はがき随筆・鹿児島

はがき随筆ブログにようこそ!毎日新聞西部本社の各地方版に毎朝掲載される
「はがき随筆」は252文字のミニエッセイです。

はがき随筆11月度

2021-12-27 21:30:58 | 受賞作品
 はがき随筆11月度の受賞者は次の皆さんでした。(敬称略)
【月間賞】21日「親捨て」近藤安則=鹿児島県湧水町
【佳作】6日「美しい言ノ葉」永井ミツ子=宮崎県日南市
▽27日「今は分かる」山下秀雄=鹿児島県出水市
 6日「難解なカタカナ語」増永陽=熊本市中央区

「親捨て」は、95歳で亡くなった母親を、病院や介護施設に預けてしまった自分の行為に自責の念が消えなかったが、最近になってようやく自分を許す気になった、という内容です。この内容は時々随筆の素材になります。それだけ、このことに悩んでおいでの方が多いということでしょう。この文章は、老母の性格や老いの状況など、普段なら書きたくないことを、客観的に淡々と書かれていることが魅力になっています。そのことは自分の「親捨て」の自責の念についても同様で、そのために文末の「自分を許す」心境も引き立っています。
 「美しい言ノ葉」は「お福分け」という言葉を例に、言葉の持つ魅力や不思議な力についての感想が述べられています。結びの「季節の変わり目、お身体おいといくださいね」という美しい言葉でのあいさつには、こういう遊び心というか、さらりと美しい言葉を使えるのには感心しました。
 「今は分かる」は、中学生の時は分からなかった先生の魅力が、今は分かるようになったという気持ちの変化が書かれています。
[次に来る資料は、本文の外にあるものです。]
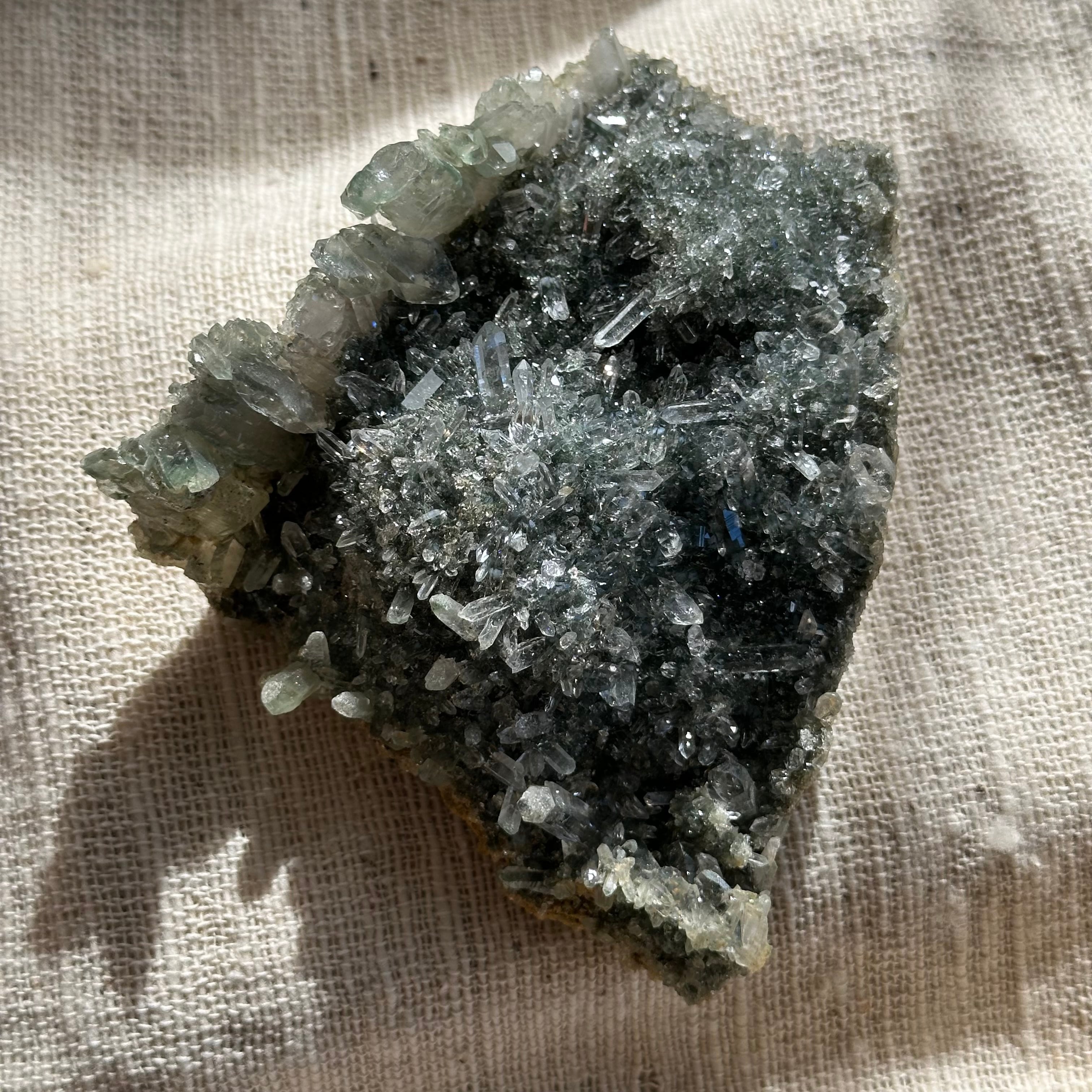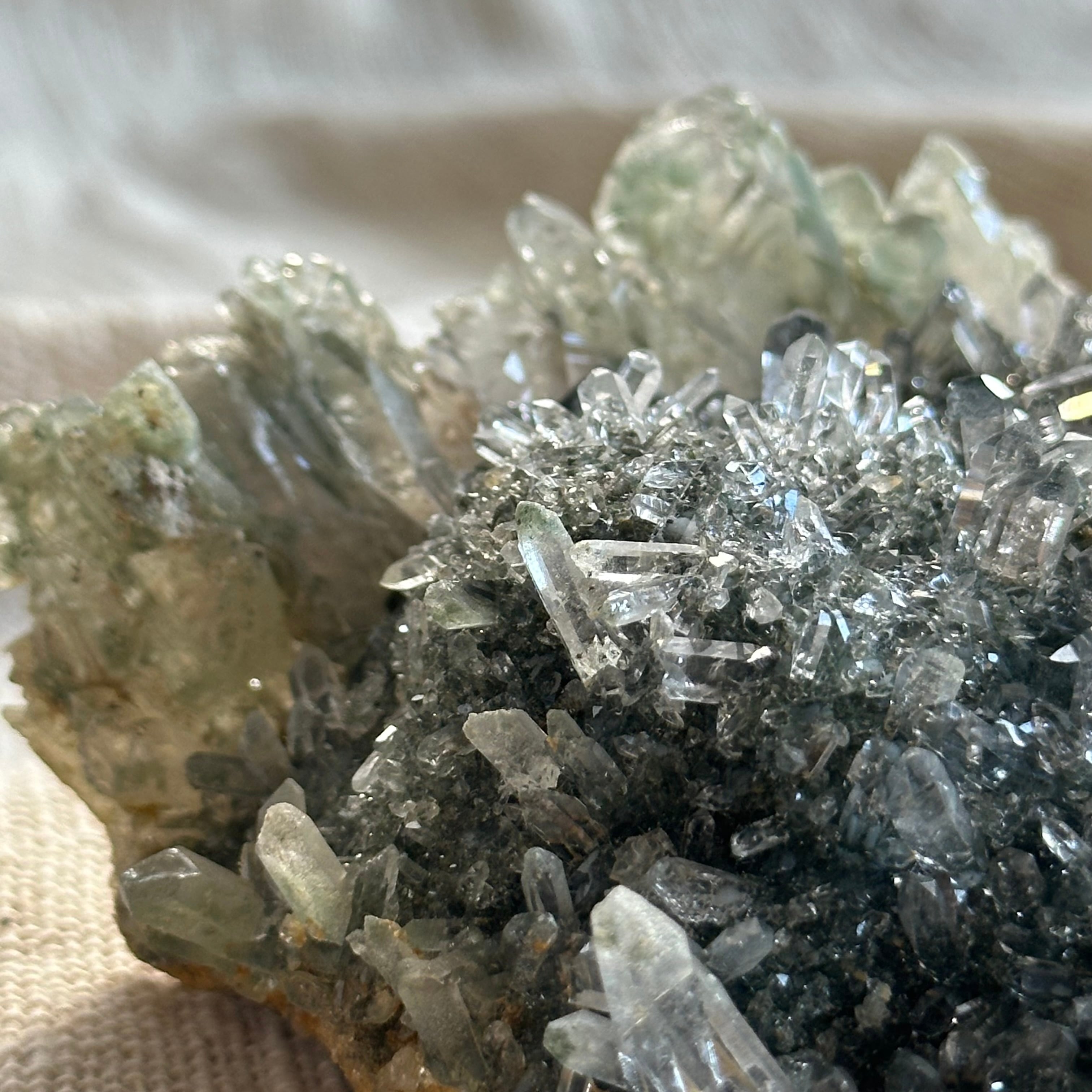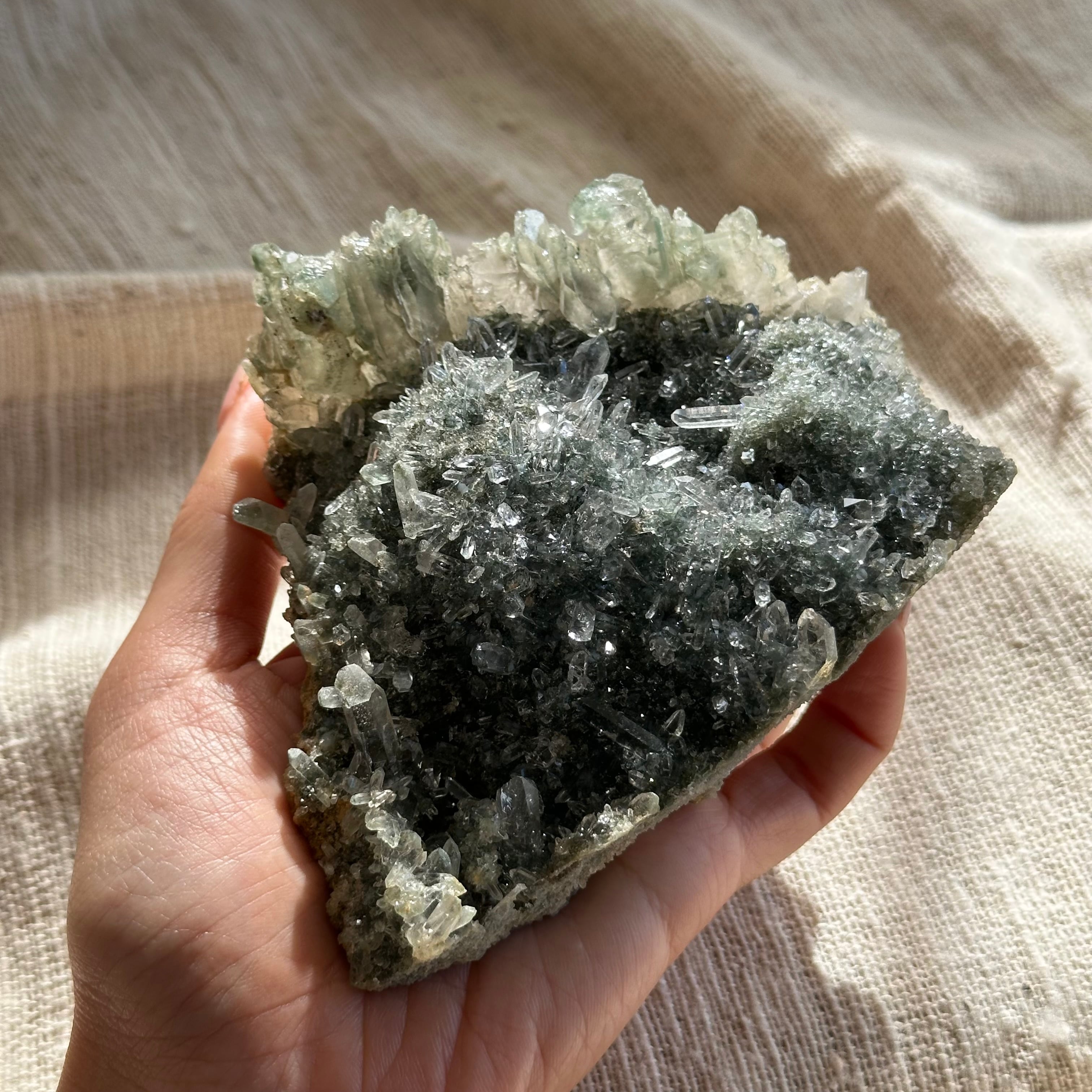 透明度、ポイントの美しさ、クローライトの柔らかな色味。

夕方忘れ物を取りに行ったら、教頭先生が戸締りをしていた。それを大変だとは言わず、楽しみながらしていると言われた。この先生は、花壇の水やりも、花たちが嬉しそうでね、と言われる。その時は変な人としか思わなかった。筆者の心の豊かさへの成長を直接には言わず、先生の描写ですべてを語っているところが優れた文章になっています。
 「難解なカタカナ語」は、カタカナ外来語の氾濫に怒っておいでの文章です。ブレークスルーは辞書では「(科学的な発明による)飛躍的な前進」とあった。そういえば、生命科学ブレークスルー賞というものがあった。コロナ禍も分る日本語で説明しろ、というお気持ちのようです。私も大賛成で、私の経験では英語をしゃべれる人は、やたらとカタカナ英語を使わないようです。